◆ **Work instruction**:
Transcribe each entry in full, and leave the images out.
- Opening Delimiter -
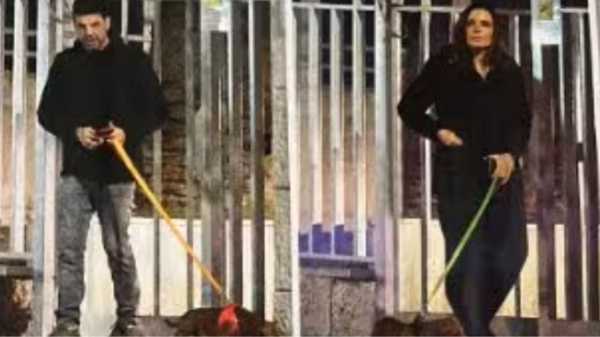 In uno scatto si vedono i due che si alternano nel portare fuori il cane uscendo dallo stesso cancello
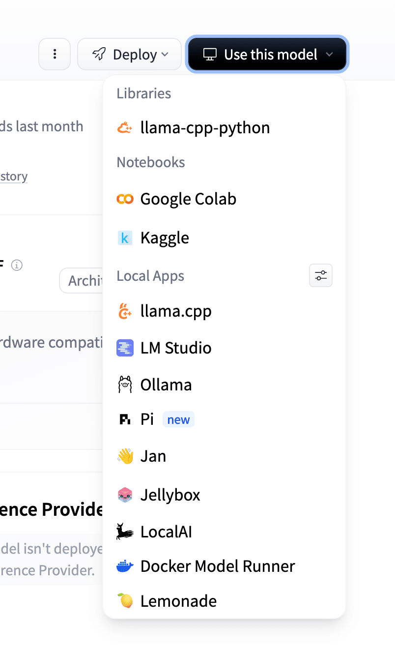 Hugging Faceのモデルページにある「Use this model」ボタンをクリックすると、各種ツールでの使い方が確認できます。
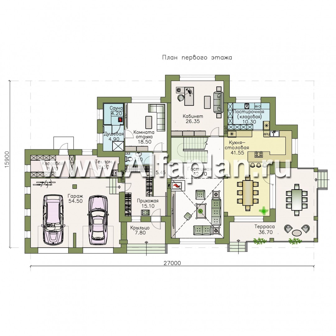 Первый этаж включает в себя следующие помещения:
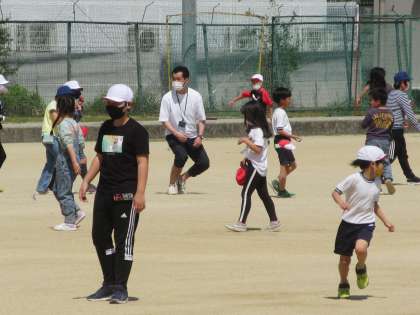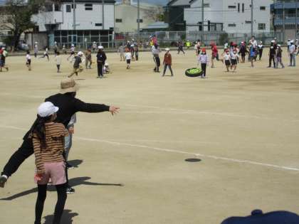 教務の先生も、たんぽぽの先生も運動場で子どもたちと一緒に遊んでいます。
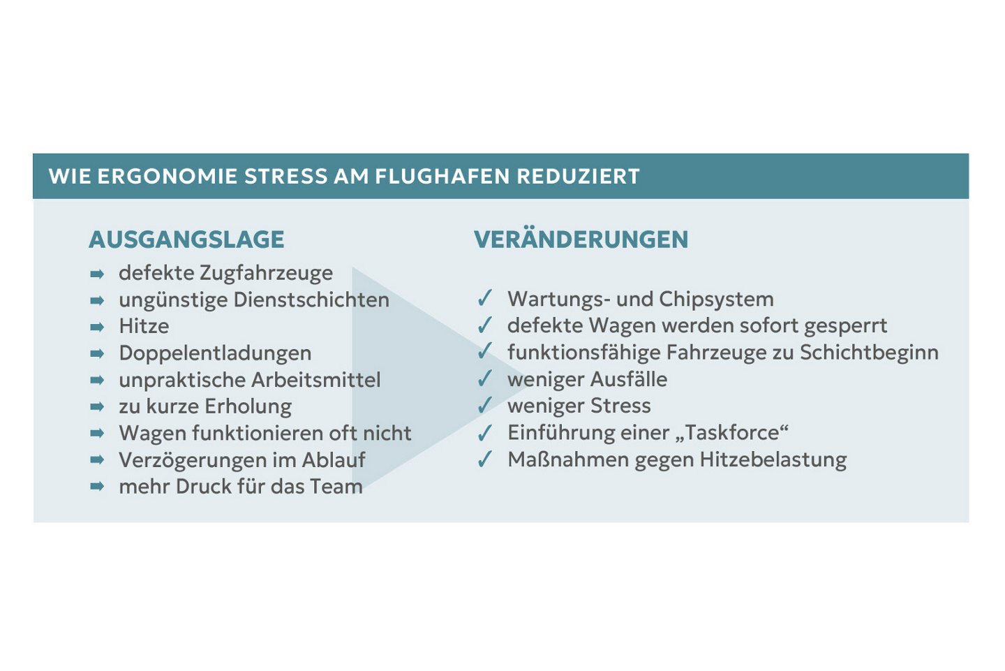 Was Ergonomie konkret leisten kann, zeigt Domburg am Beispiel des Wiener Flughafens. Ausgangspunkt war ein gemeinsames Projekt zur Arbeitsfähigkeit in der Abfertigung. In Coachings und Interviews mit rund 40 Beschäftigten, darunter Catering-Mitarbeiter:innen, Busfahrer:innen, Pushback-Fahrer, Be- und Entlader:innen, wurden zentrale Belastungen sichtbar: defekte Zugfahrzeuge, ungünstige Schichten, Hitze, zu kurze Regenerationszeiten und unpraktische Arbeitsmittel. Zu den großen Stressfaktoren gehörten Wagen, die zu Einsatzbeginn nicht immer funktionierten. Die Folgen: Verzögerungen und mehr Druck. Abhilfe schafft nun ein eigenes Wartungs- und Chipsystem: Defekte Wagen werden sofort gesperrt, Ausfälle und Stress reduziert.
- Closing Delimiter -
◆ **Answer section**:
 In uno scatto si vedono i due che si alternano nel portare fuori il cane uscendo dallo stesso cancello
 Hugging Faceのモデルページにある「Use this model」ボタンをクリックすると、各種ツールでの使い方が確認できます。
 Первый этаж включает в себя следующие помещения:
 教務の先生も、たんぽぽの先生も運動場で子どもたちと一緒に遊んでいます。
 Was Ergonomie konkret leisten kann, zeigt Domburg am Beispiel des Wiener Flughafens. Ausgangspunkt war ein gemeinsames Projekt zur Arbeitsfähigkeit in der Abfertigung. In Coachings und Interviews mit rund 40 Beschäftigten, darunter Catering-Mitarbeiter:innen, Busfahrer:innen, Pushback-Fahrer, Be- und Entlader:innen, wurden zentrale Belastungen sichtbar: defekte Zugfahrzeuge, ungünstige Schichten, Hitze, zu kurze Regenerationszeiten und unpraktische Arbeitsmittel. Zu den großen Stressfaktoren gehörten Wagen, die zu Einsatzbeginn nicht immer funktionierten. Die Folgen: Verzögerungen und mehr Druck. Abhilfe schafft nun ein eigenes Wartungs- und Chipsystem: Defekte Wagen werden sofort gesperrt, Ausfälle und Stress reduziert.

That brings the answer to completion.